더 적은 truncation errors(근사치 추정 오류)를 가진다.
샘플링 속도가 더 빨라진다.

Experiments

DDIM은 적은 iteration을 사용하였을 때 DDPM보다 좋은 샘플 퀄리티를 낼 뿐만 아니라 샘플링 속도도 약 10배에서 50배까지 오르는 것을 확인할 수 있습니다.

\sigma_{\tau_i}(\eta) = \eta\sqrt{(1 - \alpha_{\tau_{i-1}}) / (1 - \alpha_{\tau_{i}})}\sqrt{1 - \alpha_{\tau_{i}}/ \alpha_{\tau_{i-1}}}

$\hat \sigma = \sqrt{1 - \alpha_{\tau_{i}}/ \alpha_{\tau_{i-1}}}$

$\eta = 1.0$ 과 $\hat \sigma$ 인 경우가 DDPM이고, $\eta$ 가 감소할수록 deterministic이 강해집니다. ( $\eta = 0.$ → DDIM)

CIFAR10과 CelebA 데이터셋 모두에서 $\eta$ 가 0일 때를 확인해보면, steps 수가 10 ~ 100일 때 DDIM이 DDPM보다 높은 FID score를 가지는 것을 확인할 수 있습니다. 또한 steps 수가 1000일 때도 DDIM과 DDPM의 FID 값이 큰 차이를 보이지 않는 점도 주목할 만합니다.
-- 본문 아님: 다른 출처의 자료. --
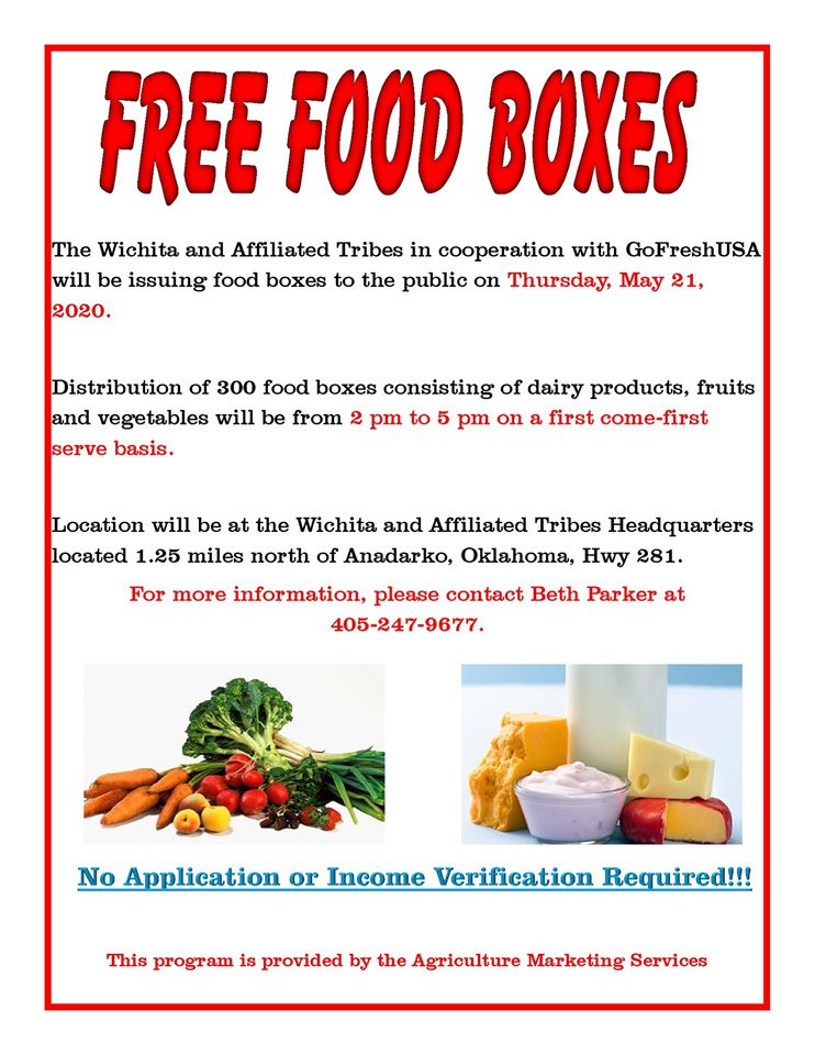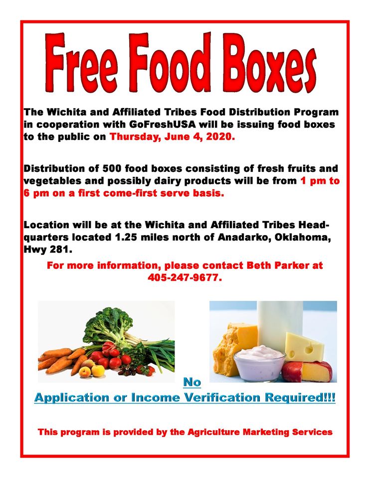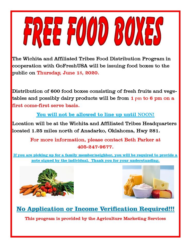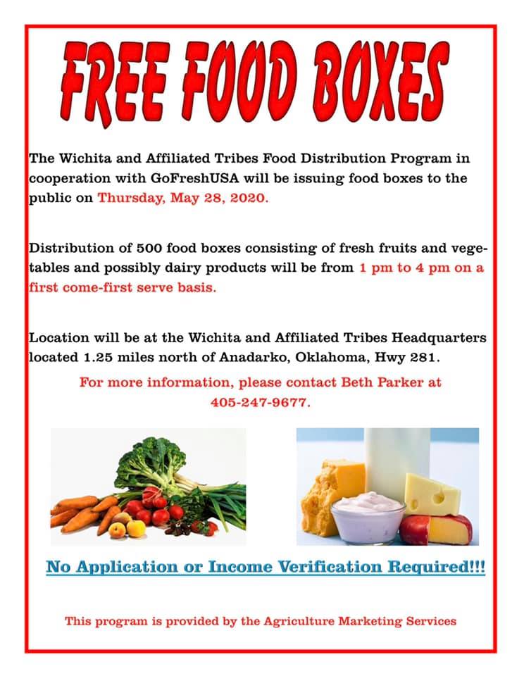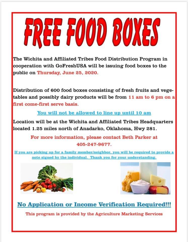 "The Wichita and Affiliated Tribes in cooperation with GoFreshUSA will be issuing food boxes to the public..."
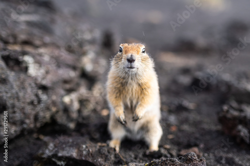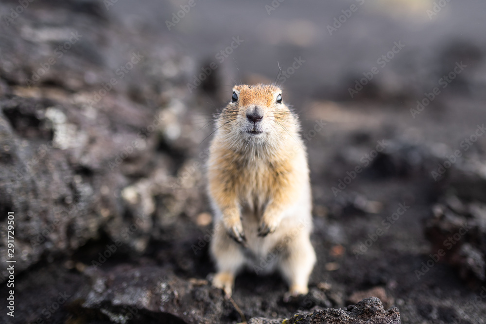 The watermark will not be included on Wall mural.: Cute funny gophers are looking into the camera
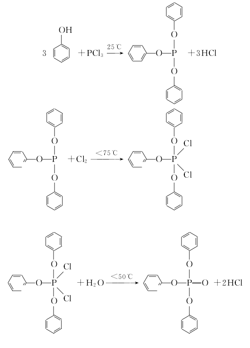 Methods include: (1) Phosphorus oxychloride direct method (hot method) and phosphorus trichloride indirect method (cold method). (1) Thermal method Dissolve phenol in pyridine and anhydrous benzene solvent, slowly add phosphorus oxychloride at a temperature not exceeding 10°C, and then react at reflux humidity for 3-4 hours. After cooling to room temperature, the reactant is Wash with water to recover pyridine, use it to dry sodium sulfate for dehydration, filter to remove sodium sulfate, and distill under normal pressure to recover benzene; distill under reduced pressure to collect the 243-245°C/1.47KPa fraction, and obtain the finished product after cooling, crystallization, and crushing.
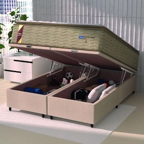 MODELO: Cama Box Baú Colchão Casal Queen Molas Guarda Costas Max Pillow Top 158x198x81cm
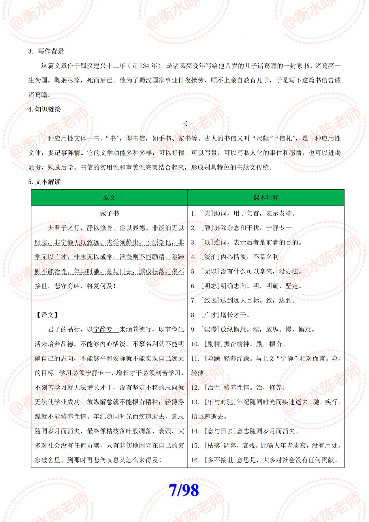 2024年中考语文【文言文阅读】第一轮专题复习,内容涵盖解题大招,提分宝典,易出错、易马虎热点考题,常考重点考题答题技巧,内容从7-9年级,课内课外3年所有内容全部包括,非常全面细致,根据不同的城市、中考大纲编写的,想要获取全部的考生,和我沟通聊一聊,考试让你多考分,少走弯路哦。

Nvidia 2080 Ti GPU를 사용하였을 때 sampling steps에 따라 50K images를 생성하는 속도를 비교한 그래프입니다. 적은 steps를 사용할 수록 1000 steps에 비해 약 10배 ~ 50배 빠른 DDIM의 샘플링 속도를 확인할 수 있습니다.

Progressive distillation

DDIM sampler를 하나의 증류 방식으로 고안한 모델입니다. “student” 모델이 인접한 두 샘플링 스텝을 학습하고, 이를 “teacher” 모델에서의 한 스텝이 되게 합니다. distillation stage가 지나면서 “student” 모델을 새로운 “teacher” 모델로 만들어가는 학습 방법입니다.

Algorithm

일반적인 diffusion training과 Progressive distillation의 알고리즘을 비교해보겠습니다. 일반적인 diffusion 학습에서는 data, time, noise를 샘플링하고 이를 diffusion한 후에 Loss로 최적화를 진행합니다. Progressive distillation에서는 ① t를 “student”의 수만큼 나누어 샘플링하고, ② 각각 diffusion step을 적용한 후 ③ “teacher” $\hat x$ 를 타겟으로 학습합니다. 해당 stage가 끝나면, “student” 모델로 새로운 “teacher” 모델을 만든 후에 샘플링 step을 반으로 줄입니다.

FID

Generatice model로 생성된 이미지를 평가하기 위해 사용하는 이미지 비교 방식은 크게 두 가지가 있습니다. 바로 Pixel distance와 Feature distance입니다. Pixel distance는 두 이미지의 픽셀 값을 이용한 거리 측정 방식입니다. 이는 매우 간단하기 때문에 신뢰성이 떨어집니다. Feature distance는 두 이미지를 inception model의 통과시켜 추출한 피쳐 간의 mean과 covariance를 계산하여 두 분포의 거리를 측정하는 방식입니다. 실제 data dist.와 가짜 data dist. 간의 유사도를 비교하는 방식으로, 현재도 널리 사용되는 이미지 평가 metric입니다.